Coed Brenin Enduro 2014

Coed Brenin Enduro 2014

Monday, 3 June 2013

Crossing the border

Managed to get out in Wales climbing this last weekend. Saturday was spent at Tremadog where we climbed Scratch (VS 4b 4c), Poor Man's Peutery (S) and the most memorable route, Nifl-Heim (if you are a non-climber skip the next 2 paragraphs!).

Climber on Scratch Arete (taken from pitch 2 of Scratch)
This is a great route that I suspect a lot of people have problems on. The crux traverse pitch is hard, much harder than VS. Also there is an old iron bar just before the crux that has bend down 90 degree's and has a rope attached that looks like people use as a swing to try to gain sideways progression!

Interestingly this route has a grade of VS 4a, 4c, 4c, 4c in my 1989 guidebook, Ben's newer (but still old) guidebook gives it VS 4a, 4c, 5a, 4c. Currently it gets HVS 4a, 4c, 5a, 4c. If that wasn't confusing enough if you look around on line no one beliefs this is an accurate grade either, and the consensus is that it is HVS/E1 5b (mainly for the very stiff crux pitch). Great route and the last pitch off width is also worth a mention, because I also bet this stops the odd climber dead if they get this far!

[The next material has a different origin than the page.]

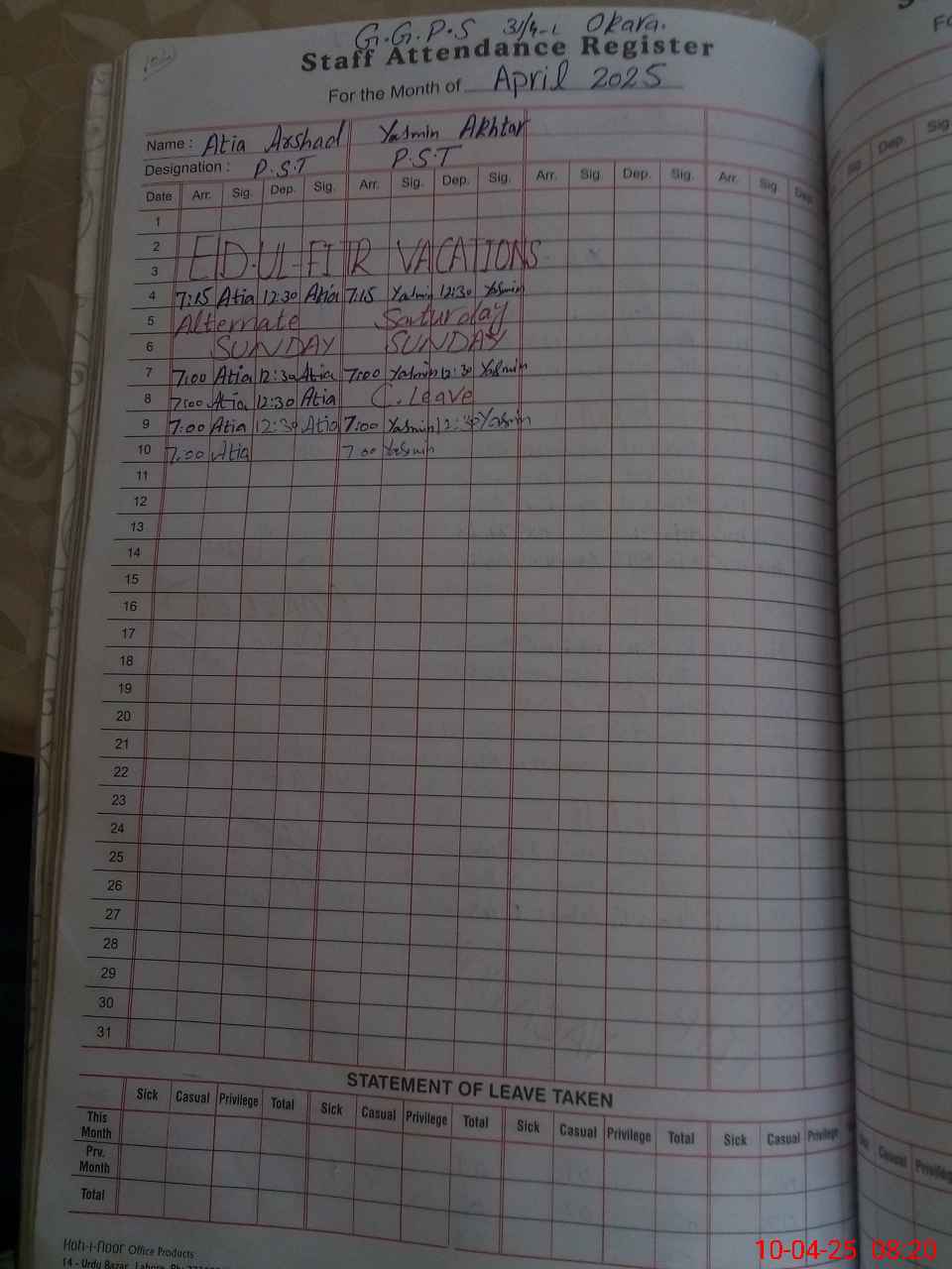 | Name: At**** Ar**** Designation: (School Headmaster's/Headmistress's) PST Phone/Cell Number: 03**** |

On Sunday we headed to Gogarth. I've not been here for 10 years, the last time I climbed here I stayed 9 days longer in North Wales than anticipated!'ve guessed it Light House Arete

On the half way ledge messing around after our abseil in

It was amazing weather and we enjoyed some routes at Castell Helen, including the obligatory Light House Arete (VS 4c), Pel (VS 4C) and Rap (VS 4c). The first pitch of Pel is steep and 'out there' for VS and I think that doing pitch 1 of Pel with pitch 2 of Rap would be a great trip, taking the best VS pitches on offer here. Great weekends climbing, hope to get back soon.